We can miss the mark if we choose to honor a person’s hobbies, vocation or casual interests instead of who they actually were.

I wonder how many well-intentioned family members have fallen short of expectations when making funeral arrangements for loved ones without knowing their specific preferences. A good funeral professional can perform miracles–stream funeral services across the globe, replicate the deceased’s living room, hold ceremonies in exotic settings, coordinate processions of motorcycles and make almost anything else imaginable take shape. But without knowing what was important to the deceased and having a vision for how they wanted to be remembered, expressions of a person’s life can miss the mark. Instead of honoring someone’s essence as a person, we might honor their hobbies, vocation or casual interests. Maybe Grandma crocheted simply to pass the time and not to build her legacy.

Many people claim funerals are for the living. Granted, an essential reason for conducting funerals is to allow those left behind to publicly acknowledge their loss and grief, but honoring the deceased in a way that’s appropriate and meaningful must not be ignored.
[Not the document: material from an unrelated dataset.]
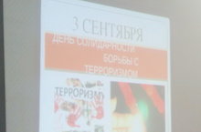 2 сентября в гимназии проходил единый классный час месячника безопасности Дня солидарности в борьбе с терроризмом и месячника «Экстремизму-Нет!» Целью данного мероприятия было формирование общественного сознания и гражданской позиции подрастающего поколения, объяснить сущность терроризма; содействовать формированию толерантности и профилактики межнациональной розни и нетерпимости; ознакомить учащихся с основными правилами поведения в условиях теракта (памятка каждому учащемуся), воспитание ответственного отношения к своей жизни и жизни окружающих

Arranging a traditional religious funeral for an agnostic is like throwing a Hello Kitty birthday party for a 60-year old man.

What can we do now to help families best memorialize their loved one?

The details can push the guest of honor aside and show little regard for providing a fitting tribute.

Having been involved in the development of FAMIC’s Have the Talk of a Lifetime consumer outreach campaign, I started wondering what I can do now to help my loved ones memorialize me in a way that accurately portrays my life. I also wanted to remove as much burden as possible from my family when they grieve over my death at a tragically young age (hey, I can dream, can’t I?).

1. Encourage families to use the workbook.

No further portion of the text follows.